Italy: Clooney pic is ‘Good Luck’ for Italian box office

Territory Reports

B.O. cume (through September): $431 million
Top title: “Madagascar” (UIP, $24.7 million)

“Babel” (RAI Cinema)
“Mary” (Mikado)
“Meg” (Eagle Pictures)
“Sketches of Frank Gehry” (BIM)
“Sorry, Haters” (Nexo)

“The Iron Crown”: English-language remake of Alessandro Blasetti’s classic 1941 sword-and-sandals fantasy is scripted by Gianni Romoli (“Facing Windows”). Epic, with high-profile ambition and an international cast, centers around a crown forged out of a nail from Christ’s cross. In development. (Sales: RAI Cinema)
“Ghost Son”: South-Africa-set, English-language supernatural thriller by Lamberto Bava (“Demons”), son and former a.d. of late horror maestro Mario Bava. Pic stars Laura Harring, John Hannah and Pete Postlethwaite. (Sales: Adriana Chiesa Enterprises)
“Passo a due” (Two-Step): Musical drama about an Albanian dancer trying to break into the Italian TV world. Pic, which is doing fairly well at the local B.O., is helmed by Andrea Barzini, and stars Kleidi Kadiu and Laura Chiatti. (Sales: RAI Trade)

ROME — Italian movie screens have seen a slew of indie pics flop lately, so for local distribs going to AFM, “caution” will be the operative word.

In addition, the general pic climate does not bode well.
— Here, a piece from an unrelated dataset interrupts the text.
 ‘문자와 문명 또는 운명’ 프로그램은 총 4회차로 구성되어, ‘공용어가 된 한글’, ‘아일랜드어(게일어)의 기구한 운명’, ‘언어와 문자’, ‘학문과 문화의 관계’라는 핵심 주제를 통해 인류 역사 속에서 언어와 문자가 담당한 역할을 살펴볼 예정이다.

Box office returns are down some 15% in 2005, and TV sales have become more problematic, making for tough times, especially for the smaller players.

Still, an appetite remains for product with potential — as long as the price is right.
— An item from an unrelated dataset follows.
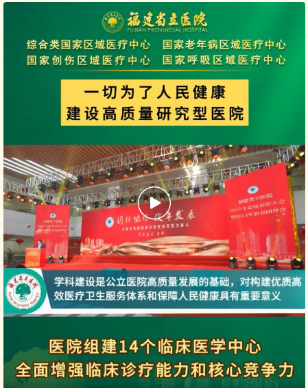 接下来,临床医学中心将以“一中心、两平台、三重点”的理念,融合发展全面提速。一个中心,让优势学科群落地,多学科同台治疗,为患者提供一站式诊疗服务。两大平台,组建大数据及人工智能中心,搭建专病库、标本库,为疑难和危重症患者的诊治打造全新的医疗服务格局。三项重点,持续深化国家区域医疗中心、国家临床重点专科、福建省医学中心建设,打造公立医院高质量发展的标杆,更好地满足人民群众对高水平、高质量医疗服务的需求。

With the exception of “Million Dollar Baby” — which grossed more than $9.6 million via RAI Cinema’s 01 Distribution — English-language independents have failed to deliver. “Millions,” “Hostage,” “The Upside of Anger,” “Vanity Fair” and “Being Julia” are among some of the most prominent misfires. But even more high-profile fare such as “The Aviator” and “Kingdom of Heaven” underperformed.
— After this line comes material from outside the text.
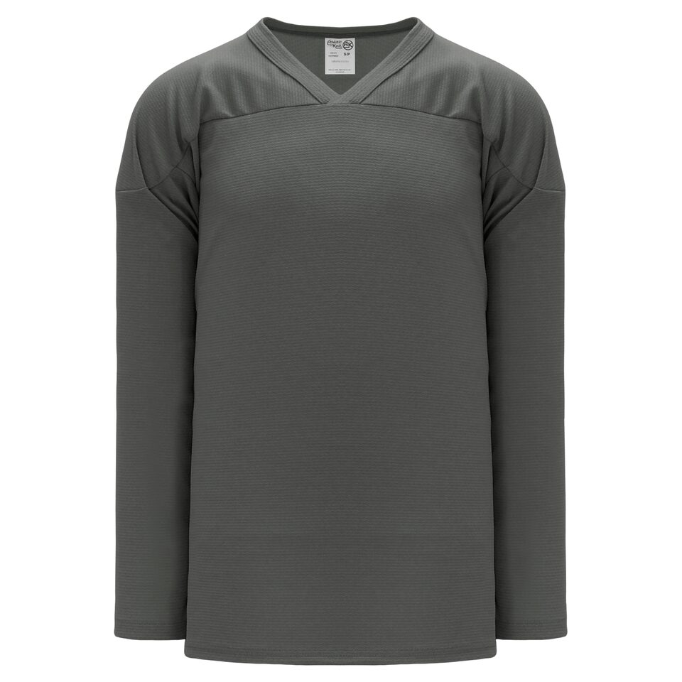 Le chandail de hockey de pratique H6000 est fait de polyester moyen, un polyester de poids moyen soit une version plus légère de notre tissu AK-Knit. Ce chandail de hockey de pratique est le graphite mais plusieurs autres couleurs sont disponibles sur notre site web. Il est disponible dans les grandeurs junior & homme

A rare bright note recently has been George Clooney’s “Good Night, and Good Luck.” Propelled by its Venice fest world preem, black-and-white pic outdid “Wedding Crashers.”

A lack of TV sales continues to dog distribs, mainly due to local drama increasingly ousting movies from primetime slots. Lone paybox Sky Italia has tight purse strings and, being a monopolist, can afford to stay stingy.

“We used to factor in about 50% of our returns from TV sales. Now, we can’t count on any of that anymore,” laments Ernesto Di Sarro, whose distrib Nexo has had “Monster” and “About Schmidt” among its releases.

A 10% rise in total homevid returns for the first half of the year is just not enough to pick up the slack, say execs.

“It’s not that I’m looking for cheap product. I’m looking for the same type of product as before, except I can only afford to pay much, much less for it,” Di Sarro says.